__TASK TO COMPLETE__. Copy the listing in full and exactly, omitting its images.

__RECORDED INFORMATION__.

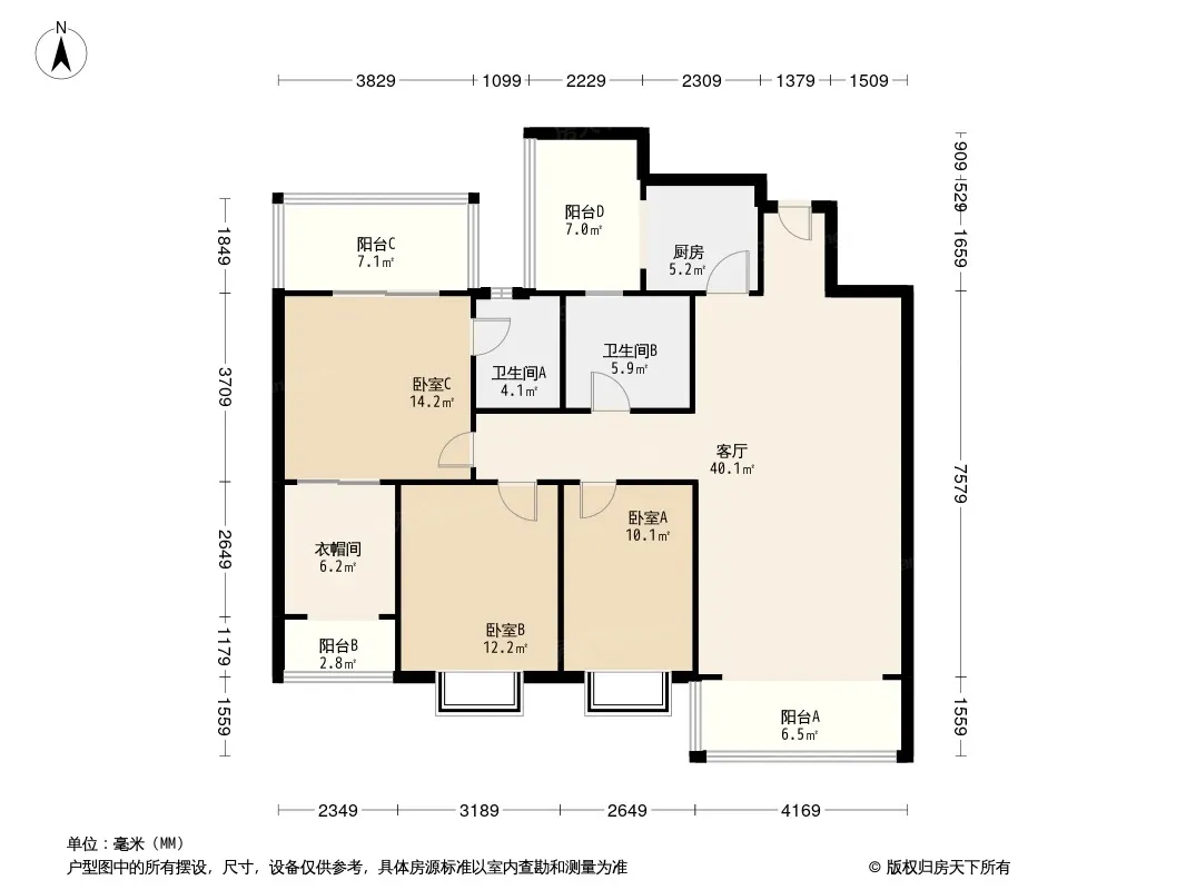 户型齐全,主打户型方正,明卫,独立衣帽间,双卧朝南三居
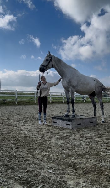 Holsteiner ruin – Cio can fly (geb. 2019, Clearway x Casall) We bieden onze vriendelijke en brave Holsteiner ruin "Cio can fly" te koop aan. Cio is geboren in 2019 en toont zich altijd onbevreesd, dapper en vriendelijk in de omgang. Wat maakt Cio bijzonder: * Buitenrit: Cio is een betrouwbare partner voor ontspannen buitenritten. Hij is bij ons altijd goed handelbaar en eenvoudig te rijden als handpaard of onder de ruiter geweest. * Grondwerk: Met plezier, moed en motivatie toont hij zich bij het grondwerk, aan de longe en tijdens het grondwerk. Hij leert zeer snel en is altijd gemotiveerd. Wij hechten waarde aan transparantie – Cio heeft een lichte gang, een stand van tien vingers vooraan met een daarbij horende afwijking in het fetlockgewricht linksvoor, en iets zwakkere pezen achteraan bij de knie. Door gerichte grondwerktraining kunnen de pezen versterkt worden en de afwijking verbeterd. Wat Cio nodig heeft: Vanwege zijn diagnoses heeft Cio een meer ervaren eigenaar nodig die bereid is hem te ondersteunen met gerichte spieropbouw en houdingcorrectie, om hem op de lange termijn belastbaar te maken. Momenteel wordt hij bij ons op de piste niet bereden, omdat hij hier onzeker is. Met een tweede persoon op de grond gaat het echter al goed. Als je op zoek bent naar een trouwe vrijetijdspartner en de uitdaging niet uit de weg gaat om Cio te begeleiden op zijn weg, neem dan gerust contact op! Hij zoekt een nieuw thuis vanwege onverwachte veranderingen aan mijn zijde, waardoor hij helaas tekort komt.
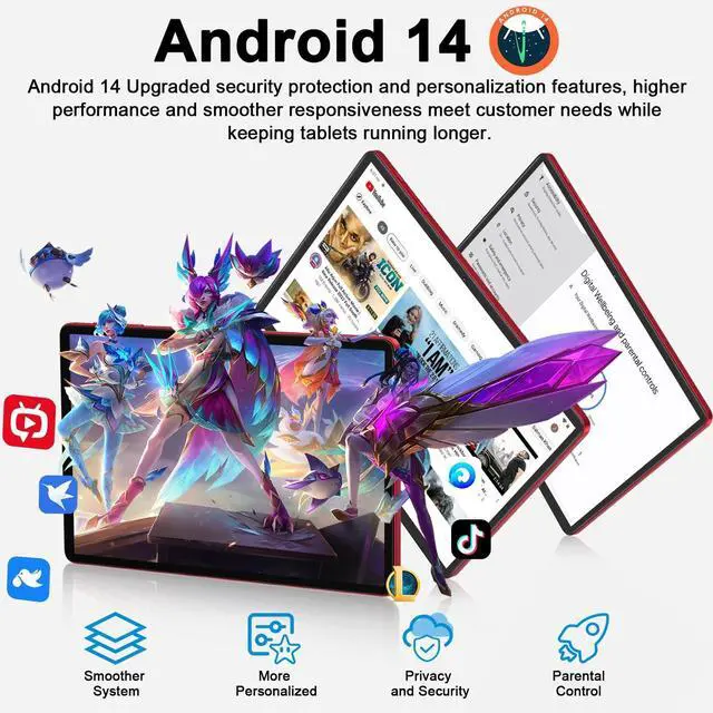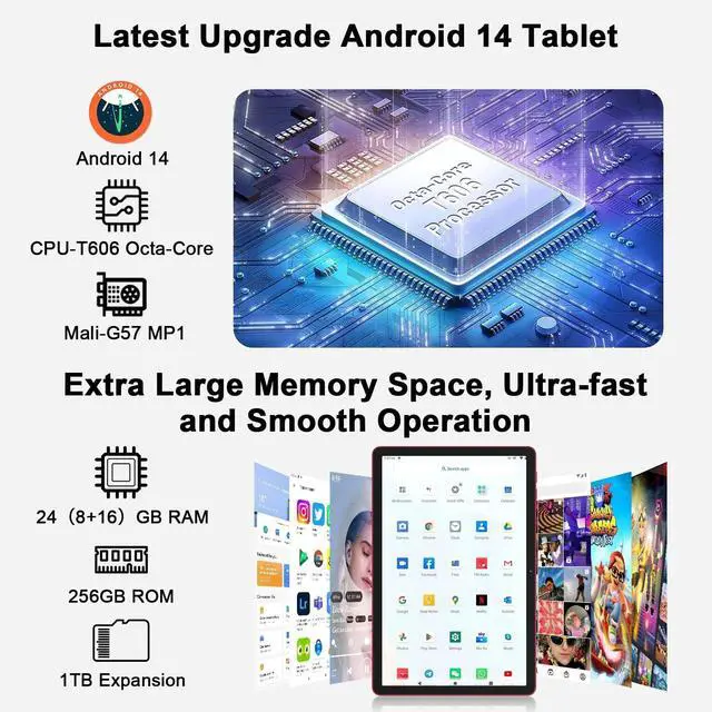 Android 14 TabletAndroid tablet with new upgraded Android 14 operating system provides higher security, faster operation, protection of personal privacy, and enhanced personalized and easy-to-use user experience. Android 14 tablet is GMS certified and you can easily access any apps in the play store. ^^ 24GB RAM+256GB ROM+1TB11 inch Android 14 tablet comes with 24GB (8GB physical memory + 16GB virtual memory) of RAM and 256GB ROM with support for up to 1TB of expandable TF cards (not included). Store tons of movies, music, eBooks, and more, and handle large apps and multitasking with ease.

__ANSWER TO THIS TASK__.
 户型齐全,主打户型方正,明卫,独立衣帽间,双卧朝南三居
 Holsteiner ruin – Cio can fly (geb. 2019, Clearway x Casall) We bieden onze vriendelijke en brave Holsteiner ruin "Cio can fly" te koop aan. Cio is geboren in 2019 en toont zich altijd onbevreesd, dapper en vriendelijk in de omgang. Wat maakt Cio bijzonder: * Buitenrit: Cio is een betrouwbare partner voor ontspannen buitenritten. Hij is bij ons altijd goed handelbaar en eenvoudig te rijden als handpaard of onder de ruiter geweest. * Grondwerk: Met plezier, moed en motivatie toont hij zich bij het grondwerk, aan de longe en tijdens het grondwerk. Hij leert zeer snel en is altijd gemotiveerd. Wij hechten waarde aan transparantie – Cio heeft een lichte gang, een stand van tien vingers vooraan met een daarbij horende afwijking in het fetlockgewricht linksvoor, en iets zwakkere pezen achteraan bij de knie. Door gerichte grondwerktraining kunnen de pezen versterkt worden en de afwijking verbeterd. Wat Cio nodig heeft: Vanwege zijn diagnoses heeft Cio een meer ervaren eigenaar nodig die bereid is hem te ondersteunen met gerichte spieropbouw en houdingcorrectie, om hem op de lange termijn belastbaar te maken. Momenteel wordt hij bij ons op de piste niet bereden, omdat hij hier onzeker is. Met een tweede persoon op de grond gaat het echter al goed. Als je op zoek bent naar een trouwe vrijetijdspartner en de uitdaging niet uit de weg gaat om Cio te begeleiden op zijn weg, neem dan gerust contact op! Hij zoekt een nieuw thuis vanwege onverwachte veranderingen aan mijn zijde, waardoor hij helaas tekort komt.
 Android 14 TabletAndroid tablet with new upgraded Android 14 operating system provides higher security, faster operation, protection of personal privacy, and enhanced personalized and easy-to-use user experience. Android 14 tablet is GMS certified and you can easily access any apps in the play store. ^^ 24GB RAM+256GB ROM+1TB11 inch Android 14 tablet comes with 24GB (8GB physical memory + 16GB virtual memory) of RAM and 256GB ROM with support for up to 1TB of expandable TF cards (not included). Store tons of movies, music, eBooks, and more, and handle large apps and multitasking with ease.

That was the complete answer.